Andreas Norrelius' Latin translation of Johan Kemper's Hebrew commentary on Matthew edited with introduction and philological commentary

Eskhult, Josef January 2007 (has links)
This thesis contains an edition of the Swedish Hebraist Andreas Norrelius’ (1679-1749) Latin translation, Illuminatio oculorum (1749), of the converted rabbi Johan Kemper’s (1670-1716) Hebrew commentary on Matthew, Me’irat ‘Enayim (1703). The dissertation is divided into three parts. The focus lies on the introduction, which concentrates on issues of language and style. Andreas Norrelius’ Latin usage is elucidated on its orthographical, morphological, syntactic, lexical and stylistic levels. The features are demonstrated to be typical of scholarly Neo-Latin: Through a broad comparative synchronic approach, conspicuous linguistic phenomena are taken as points of departure for the exploration of scholarly Latin prose in the seventeenth and eighteenth centuries, especially the vocabulary and phraseology of philological, theological, and exegetical discourse. An intellectual historical background is outlined that places the ambitions and the achievements of the author and the translator as well as the texts used for comparison in their scholarly and cultural setting against a general European and specific Swedish background.

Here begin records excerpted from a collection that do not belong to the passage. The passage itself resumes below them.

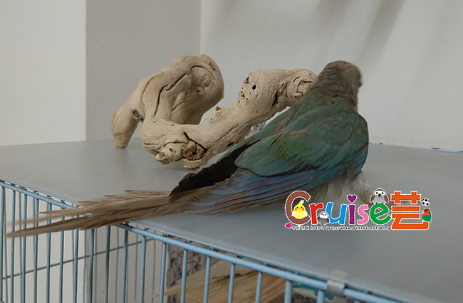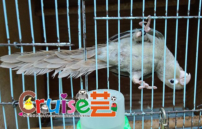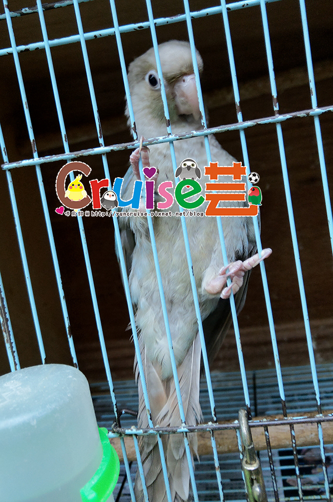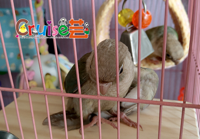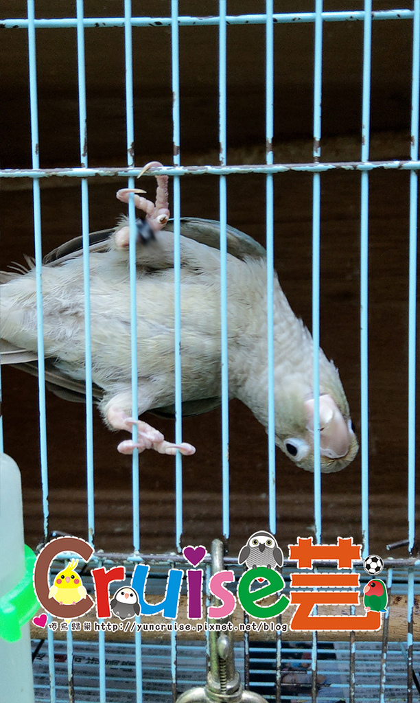 跟牠講話時,整隻在籠門上,上上下下搖晃,站在棲木弄到自己尾羽又跟尾羽生氣,感覺是個腦袋有洞的小笨蛋,超有趣、超瘋癲,跟牠玩了好久,順口問了一下牠的狀況,這位過動小嗨咖,藍化肉桂、約三~四個月大而已,沒驗公母,腳趾頭是之前學站站台時受傷的、價位完全能手滑,好心動!!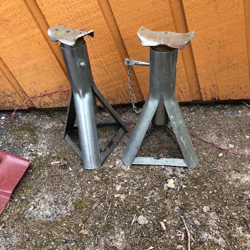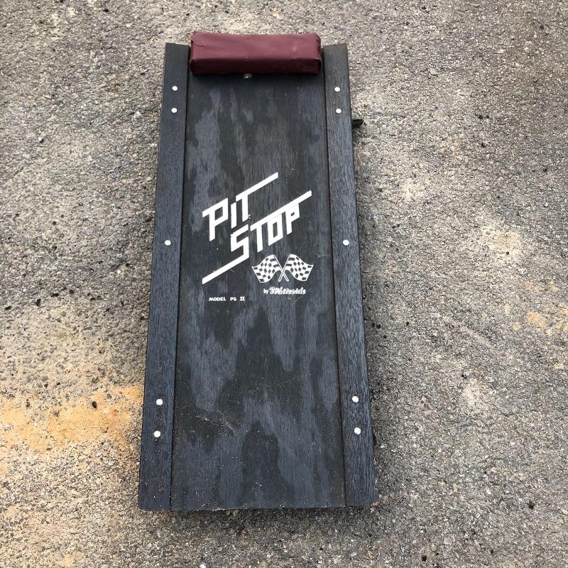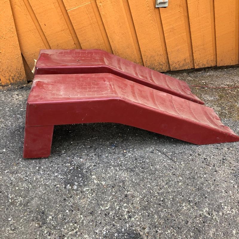 Get your car in shape with this array of auto tools. Lot includes two auto ramps, creeper, hand pump, fender cover, hanging retractable light, funnels and two Jack stands. Both lights worked when tested.
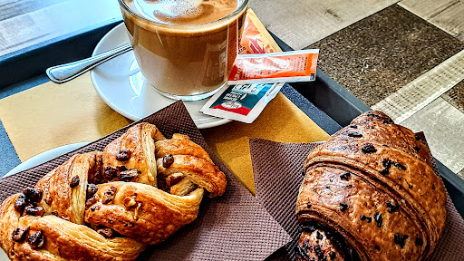 Io sono rimasto senza parole di fronte al sapore vellutato e veramente strabiliante del cornetto con cioccolato Sacher scelto per la mia prima colazione. • amato...

Furthermore, the introduction deals with various questions relating to translation techniques and strategies. In particular, the method for the translation of biblical passages is analysed and put in relation to the humanistic Latin Bible translations. Moreover, the life and work of Johan Kemper is described in the light of all historical sources available. The life of Andreas Norrelius is also portrayed, and the questions about the date and authorship of the Latin translation are thoroughly addressed. The second part contains the editio princeps of the Latin translation. Andreas Norrelius’ own prolegomena about Kemper’s early life has been made accessible as well. The third part provides a philological commentary focused on the explanation of specific linguistic and exegetical questions in the text edited.